There are many hungry and destitute people on this planet who want to do better for themselves and their children than their own condition allows.

This endeavor of striving to achieve more than others is enough to bring about economic growth. It was the same for our parents’ generation after the war. Too much insecurity OR wanting to have a better future is enough for economic growth to occur if you establish a reasonably efficient system like our much-maligned capitalism.

However, the logic of distribution also means that if we no longer want to make an effort and perform well, we will soon find ourselves fighting over distribution. This cannot be remedied with laws and a state that distributes money.

And if we now briefly recall how the foundations of our society have been laid over the last 200 years (through technology and raw materials obtained by the exploitation of other countries) then it borders on mockery, or at least the most embarrassing ignorance, if we dream or even talk about a world without growth. It simply stands for absolute ignorance of elementary economic and historical contexts.

Non-growth in our country, while maintaining our prosperity, can only be achieved by exploiting or oppressing others. This is what the French do, for example, when they force their old colonies into the euro (Franc CFA) and agree commodity contracts with them at prices over 30% below market prices.
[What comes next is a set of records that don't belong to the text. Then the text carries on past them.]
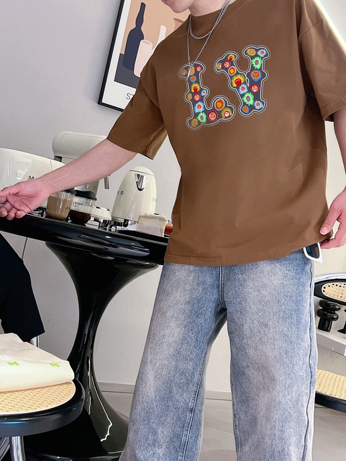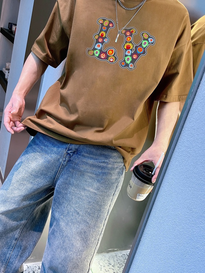 ルイヴィトンメンズクルーネックキャメル半袖Tシャツv1532
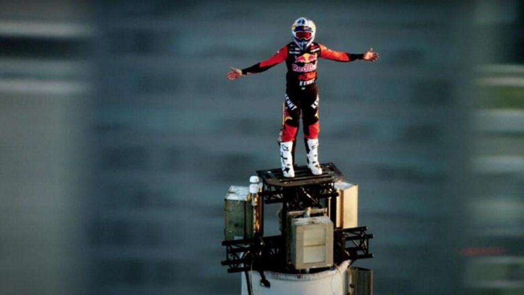 İngiliz motokros şampiyonu Sam Sunderland, Dubai Turizm ve Red Bull ile kısa bir film için Burç Halife’ye yükseldi. Tam sürüş donanımıyla kaplı Sunderland, zirveye metal bir merdivenle tırmanarak unutulmaz bir tanıtım parçası yarattı.
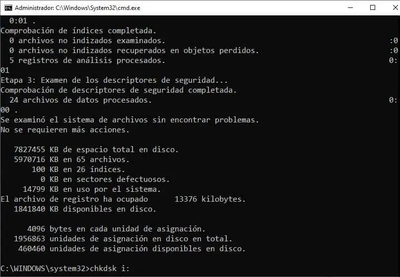 Команда CHKDSK имеет несколько функций, та, которую мы показали вам ранее, говорит конкретно о синтаксическом анализе, но это не единственное, что может делать CHKDSK . В связи с этим мы собираемся показать вам, как вы можете наблюдать за всеми возможными действиями с инструментом.
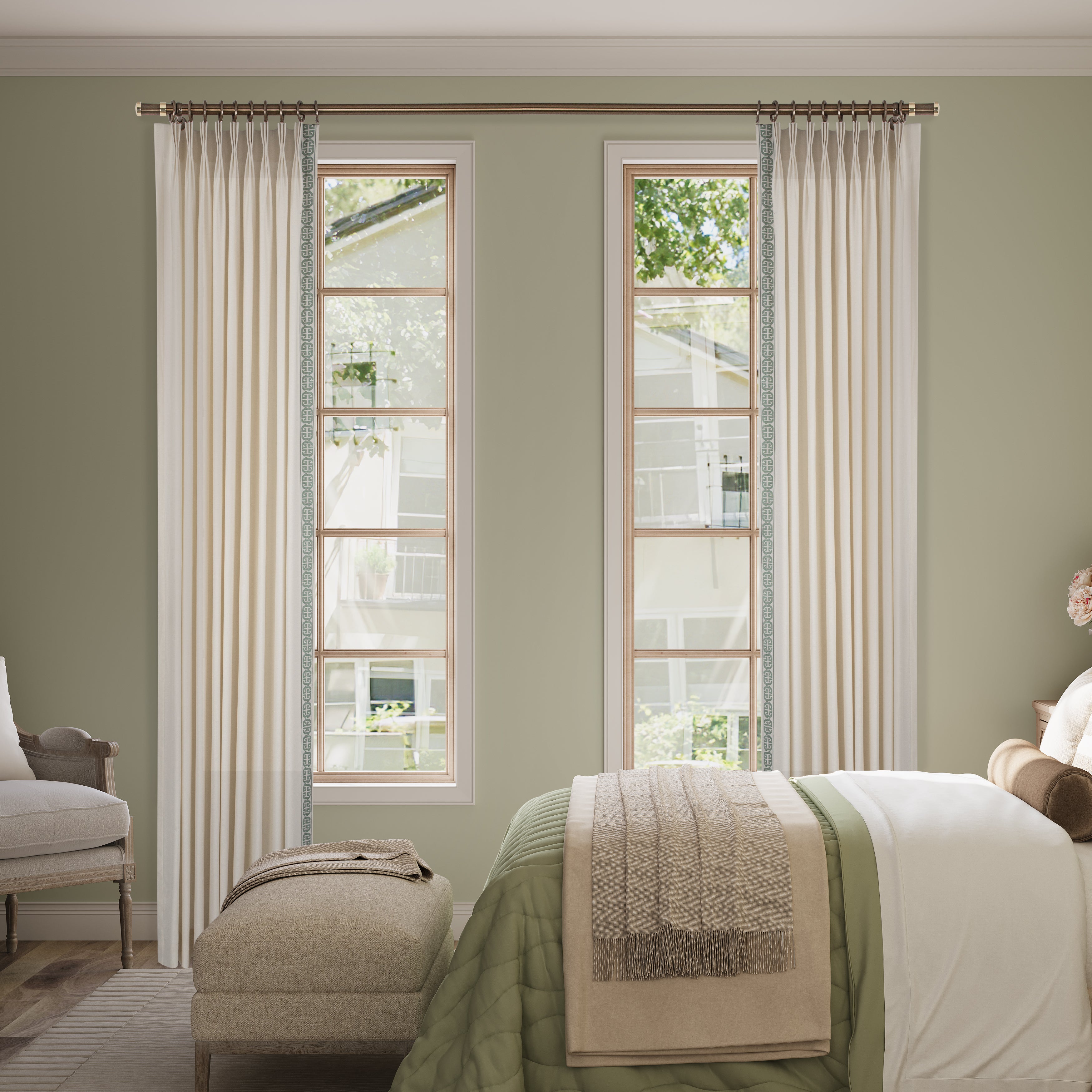 Sage Garden Border-Trim Custom Curtains
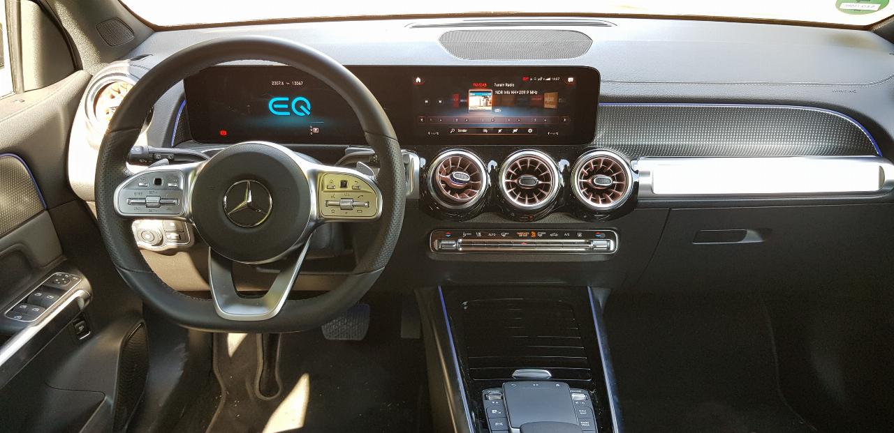 Der EQB ist zu Preisen ab 52.550 Euro (EQB 250) nicht billig, wenn auch nur unwesentlich teurer als sein technischer Zwillingsbruder EQA (ab 50.777 Euro). In der von uns gefahrenen Top-Version 350 4-Matic kostet er mindestens 58.197 Euro. Darin neben dem erwähnten Navi-System enthalten sind unter anderem LED-Scheinwerfer inklusive Fernlichtautomatik, Klimaautomatik, Spurhalte- und Bremsassistent, Rückfahrkamera, elektrische Heckkappe plus Laderaumpaket, Dachreling oder Ambientebeleuchtung. Was auffällt: alle Modellvarianten haben die identische Serienausstattung, also auch in der Topversion muss man für alles extra zahlen.
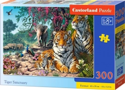 Puzzle Tigrie útočisko vás zavedie do krásneho a pokojného prírodného prostredia s roztomilými tigrami. S týmto 300-dielnym puzzle sa môžete ponoriť do relaxačnej aktivity, ktorá zároveň posilňuje sústredenie a trpezlivosť.
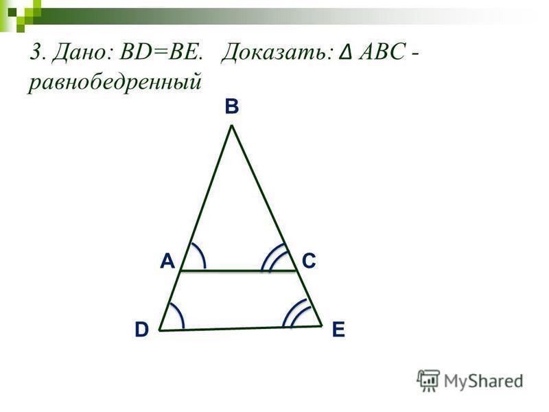BD=BE⇒ΔDBE равнобедренный⇒ ∠D=∠E ⇒ ∠A=∠D=∠E=∠C; углы A и C равны⇒ΔABC равнобедренный

The hope of earlier retirement and more free time with a lower dedication, fewer working hours per week, and less time in service is an absolute utopia. At least, as long as there is still a large group of people, one or more countries, who want a better future with more security and greater prosperity for themselves and their children.

This group will then generate growth for their markets. Increases in value will also be possible there. With the same logic, no growth or shrinkage will automatically lead to a loss of our values. Retirement provision via real estate or shares will then no longer work. And this logic would then gradually, but surely, lead us into immense distribution struggles, which would sooner or later be settled with violence.
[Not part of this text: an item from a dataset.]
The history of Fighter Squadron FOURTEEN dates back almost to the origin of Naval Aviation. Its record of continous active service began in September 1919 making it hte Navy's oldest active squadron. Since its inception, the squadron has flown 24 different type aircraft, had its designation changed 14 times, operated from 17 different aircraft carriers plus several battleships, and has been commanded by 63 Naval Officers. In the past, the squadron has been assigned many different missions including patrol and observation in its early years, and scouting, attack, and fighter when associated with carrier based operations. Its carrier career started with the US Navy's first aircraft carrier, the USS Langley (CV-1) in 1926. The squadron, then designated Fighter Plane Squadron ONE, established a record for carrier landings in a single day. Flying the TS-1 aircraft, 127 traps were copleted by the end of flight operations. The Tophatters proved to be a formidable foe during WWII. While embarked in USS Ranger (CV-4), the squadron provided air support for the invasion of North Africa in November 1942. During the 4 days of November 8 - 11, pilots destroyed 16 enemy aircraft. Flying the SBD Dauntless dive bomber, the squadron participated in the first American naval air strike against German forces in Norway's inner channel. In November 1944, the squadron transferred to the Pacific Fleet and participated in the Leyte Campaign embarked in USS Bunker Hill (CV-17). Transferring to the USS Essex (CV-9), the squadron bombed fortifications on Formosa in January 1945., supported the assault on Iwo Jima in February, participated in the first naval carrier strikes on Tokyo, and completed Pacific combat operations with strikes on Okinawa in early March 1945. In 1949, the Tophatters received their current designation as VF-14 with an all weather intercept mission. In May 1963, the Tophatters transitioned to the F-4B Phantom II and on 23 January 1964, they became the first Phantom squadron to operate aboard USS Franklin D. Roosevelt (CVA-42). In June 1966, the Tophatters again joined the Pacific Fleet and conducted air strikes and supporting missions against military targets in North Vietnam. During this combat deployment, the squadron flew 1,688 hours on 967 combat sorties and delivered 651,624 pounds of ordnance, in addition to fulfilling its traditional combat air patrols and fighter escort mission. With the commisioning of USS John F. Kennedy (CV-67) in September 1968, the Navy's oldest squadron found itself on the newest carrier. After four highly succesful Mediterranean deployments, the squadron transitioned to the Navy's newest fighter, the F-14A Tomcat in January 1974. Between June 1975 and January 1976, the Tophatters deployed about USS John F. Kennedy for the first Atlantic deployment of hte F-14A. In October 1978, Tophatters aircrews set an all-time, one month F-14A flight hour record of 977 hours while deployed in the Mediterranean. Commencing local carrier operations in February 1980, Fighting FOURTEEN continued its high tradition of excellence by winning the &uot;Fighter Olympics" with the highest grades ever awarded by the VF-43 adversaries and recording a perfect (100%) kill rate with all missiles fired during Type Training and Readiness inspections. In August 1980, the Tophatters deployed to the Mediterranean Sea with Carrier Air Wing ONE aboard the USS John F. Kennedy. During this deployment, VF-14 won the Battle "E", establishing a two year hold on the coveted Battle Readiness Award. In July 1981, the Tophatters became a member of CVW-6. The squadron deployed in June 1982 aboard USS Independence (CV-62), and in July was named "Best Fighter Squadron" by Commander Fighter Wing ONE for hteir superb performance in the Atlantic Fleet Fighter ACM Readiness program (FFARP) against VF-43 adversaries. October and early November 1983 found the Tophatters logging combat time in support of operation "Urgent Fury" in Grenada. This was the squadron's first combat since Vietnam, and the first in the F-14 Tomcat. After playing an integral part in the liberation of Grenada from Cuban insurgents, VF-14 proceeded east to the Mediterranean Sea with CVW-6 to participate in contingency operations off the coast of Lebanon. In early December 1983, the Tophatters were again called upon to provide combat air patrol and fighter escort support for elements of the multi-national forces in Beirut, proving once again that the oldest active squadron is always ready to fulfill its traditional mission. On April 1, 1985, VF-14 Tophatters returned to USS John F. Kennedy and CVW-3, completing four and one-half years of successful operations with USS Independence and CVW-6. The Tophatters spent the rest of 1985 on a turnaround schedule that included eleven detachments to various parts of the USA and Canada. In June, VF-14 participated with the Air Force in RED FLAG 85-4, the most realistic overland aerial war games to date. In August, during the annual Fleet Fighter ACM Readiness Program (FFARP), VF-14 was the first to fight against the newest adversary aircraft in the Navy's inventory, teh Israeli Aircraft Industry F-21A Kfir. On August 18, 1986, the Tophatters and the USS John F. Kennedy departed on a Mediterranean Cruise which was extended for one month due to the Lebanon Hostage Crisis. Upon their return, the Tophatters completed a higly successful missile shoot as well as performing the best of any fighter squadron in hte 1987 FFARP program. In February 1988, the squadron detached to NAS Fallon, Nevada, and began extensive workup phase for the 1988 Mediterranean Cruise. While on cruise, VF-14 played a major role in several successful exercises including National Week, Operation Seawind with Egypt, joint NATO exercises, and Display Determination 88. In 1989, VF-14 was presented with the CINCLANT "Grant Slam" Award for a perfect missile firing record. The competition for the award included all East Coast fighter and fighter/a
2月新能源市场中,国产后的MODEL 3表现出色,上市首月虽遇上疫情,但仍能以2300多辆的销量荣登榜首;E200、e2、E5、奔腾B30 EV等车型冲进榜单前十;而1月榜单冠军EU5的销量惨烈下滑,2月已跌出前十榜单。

More reality – what we should be talking about

What we actually want to say when we question growth is: Does it always have to be more consumption? We forget that this is not an issue at state level, but a very personal one for each individual household. One which we have to think about on our own.

Under no circumstances should we ask the state to ban consumption. It is absurd to cry out to “Father State” to ban air travel, the purchase of cars, meat consumption, or skiing vacations. We have to accept that there are different ways of life, all of which are justified. Without question, we should look to the left and right and not simply leave a huge pile of garbage behind for future generations. But you can’t do that by canceling a Hawaiian vacation or switching to public transport.
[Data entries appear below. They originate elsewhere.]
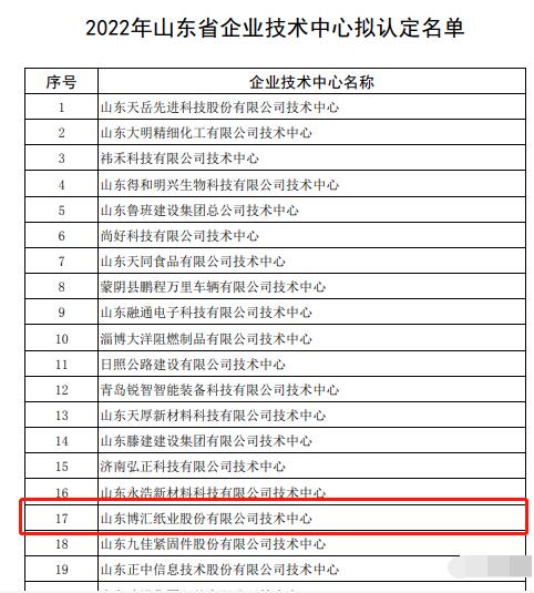 為深入貫徹落實(shí)省委、省政府創(chuàng)新型省份建設(shè)的決策部署,根據(jù)《山東省企業(yè)技術(shù)中心認(rèn)定管理辦法(2021年修訂)》(魯發(fā)改高技〔2021〕428號(hào)),山東省發(fā)展和改革委員會(huì)于2022年6月份組織開展了2022年山東省企業(yè)技術(shù)中心認(rèn)定工作。近日,山東省發(fā)展和改革委員會(huì)公布了2022年山東省認(rèn)定企業(yè)技術(shù)中心名單,山東博匯紙業(yè)股份有限公司成功入選。
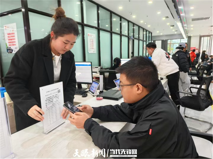 红花岗区“简事快办”窗口工作人员指导群众五分钟内办完业务。贵州日报天眼新闻记者徐春燕摄。
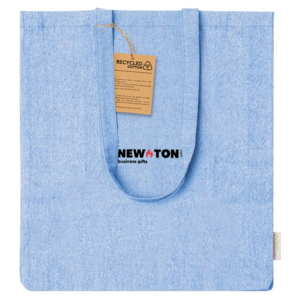 Сумка для покупок из переработанного хлопка с боковым разрезом, длинными ручками и характерной этикеткой из переработанного хлопка. 100% переработанный хлопок, 140 г/м².
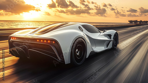 sports car, sunset, beach, road, ocean, motion blur, speed, fast, car, vehicle, transportation, automotive, automobile, powerful, elegant, stylish, modern, design, technology, driving, travel, adventure, horizon, landscape, summer, evening, golden hour, coast, sea, water, sky, cloud, light, warm, dynamic, energy

It is more important to support positive things, new technologies and social projects with our own energy than to demand that others do without.

Alarm bells should ring for all of us when we and our immediate social environment feel so full and content that we would prefer to get through life without any further effort or risk. If a large part of our society is preoccupied with these thoughts, then we are roughly at the tipping point of the Roman Empire just before its collapse.

Instead, we should be thinking about what strategies and measures we can use to live in better harmony with the planet’s resources. Instead of abolishing growth, we should work on developing and using future-oriented technologies. Now is the time for an active willingness to change, to adapt cherished but bad behaviors. And by that I don’t mean growth, but quite the opposite – our comfort. Actively shaping and participating in social groups and communities can inspire us to encourage risk-taking that actively supports new ideas.

To break it down simply: What we can expect and demand from the state is a strategy and vision again, at last. A strategy that positions us within the association of states, which we can and may represent both internally and in the world. And a vision that we can work towards. At the same time, we need more responsibility for our environment and ourselves. Growth is just as much a part of maintaining value and prosperity as the will to perform.